**INPUT DATA**
+--
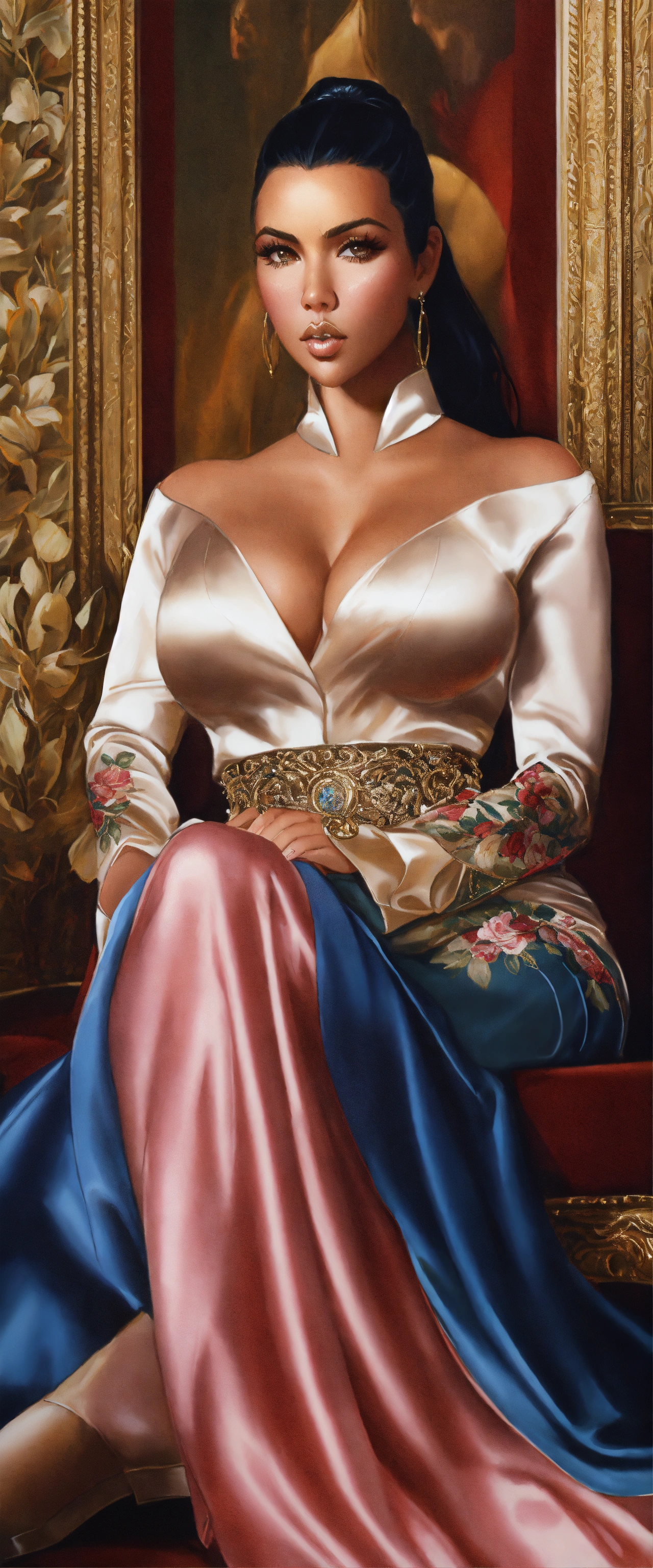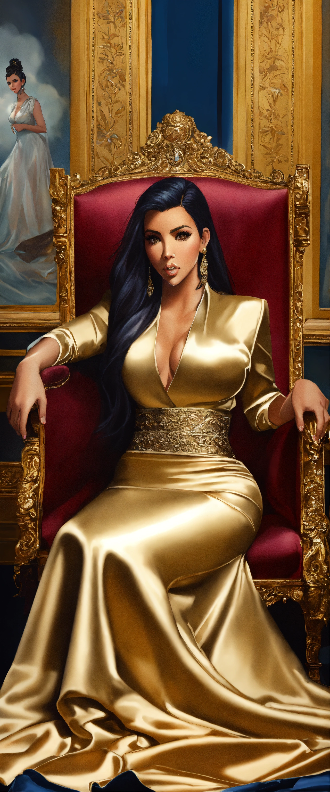 Kim kardashian, sat on throne, highly detailed, long satin maxi skirt, palace background, sharp focus, art by artgerm and greg rutkowski and magali villeneuve, wide hips, tiny waist, steam, 1980s portrait, realistic, silk blouse, photorealism
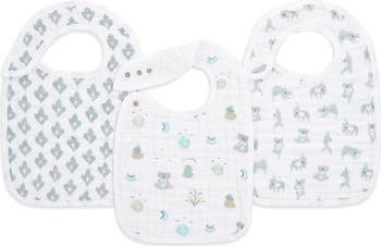 Cheerful prints decorate absorbent muslin bibs featuring an adjustable snap-tab at the neck designed to grow along with your little darling.
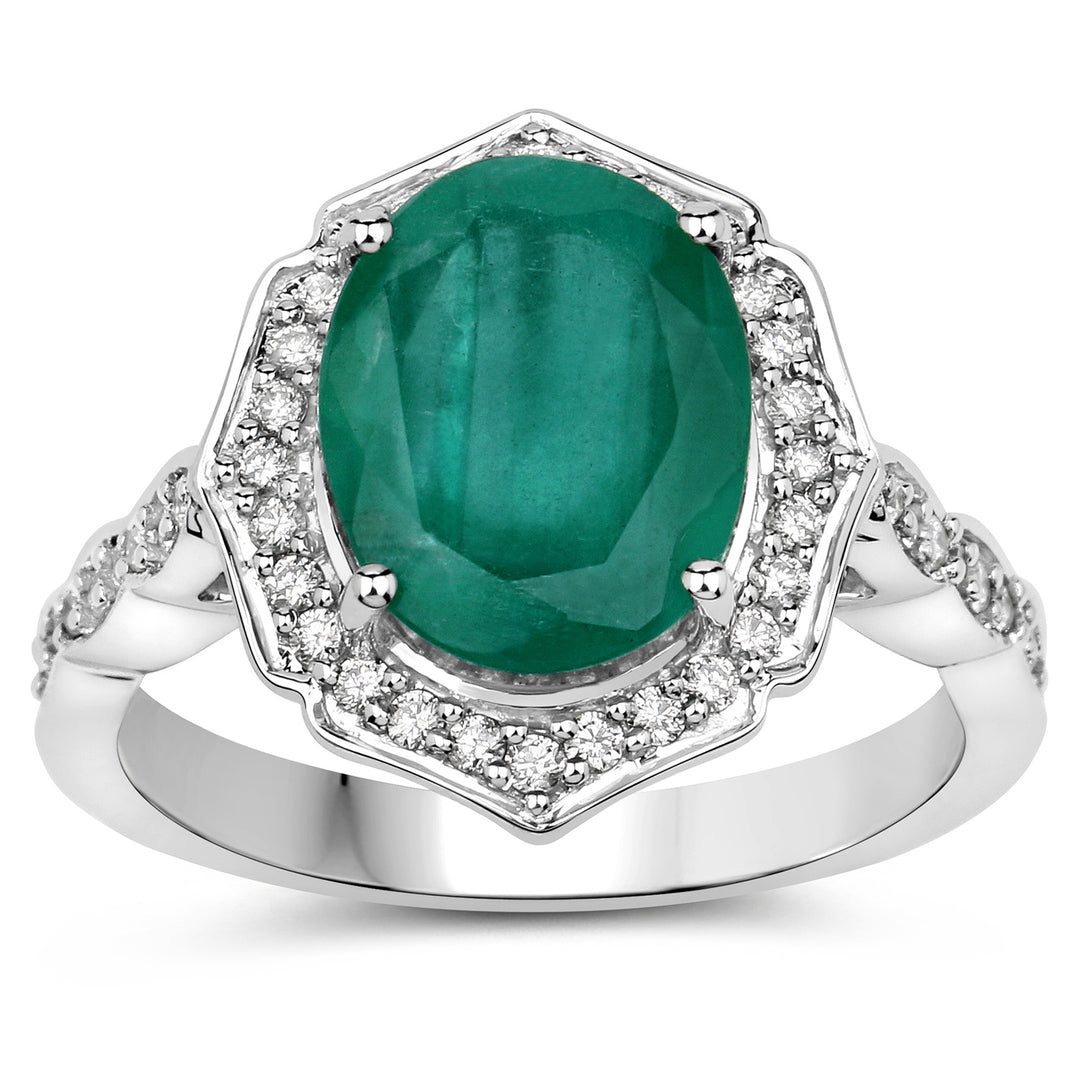 4.66 Carat Genuine Brazilian Emerald and White Diamond 14K White Gold Ring
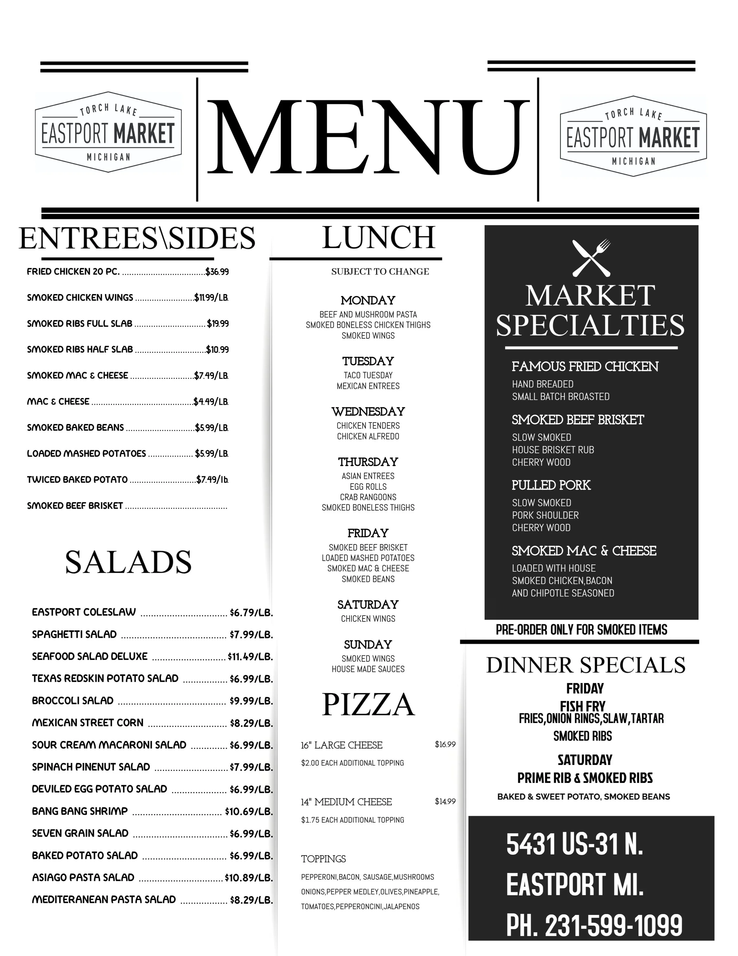 Toppings: Pepperoni, Bacon, Sausage, Mushroom, Onions, Green Pepper, Olives, Pineapple, Tomato, Pepperoncini, Jalapeño and more available upon request.
+--
**DIRECTIONS FOR THIS TASK**
Where the line containing "4.66 Carat Genuine" appears, begin writing out the lines word for word, and continue through the last line of the data, leaving out pictures.

**PROBLEM SOLUTION**
 4.66 Carat Genuine Brazilian Emerald and White Diamond 14K White Gold Ring
 Toppings: Pepperoni, Bacon, Sausage, Mushroom, Onions, Green Pepper, Olives, Pineapple, Tomato, Pepperoncini, Jalapeño and more available upon request.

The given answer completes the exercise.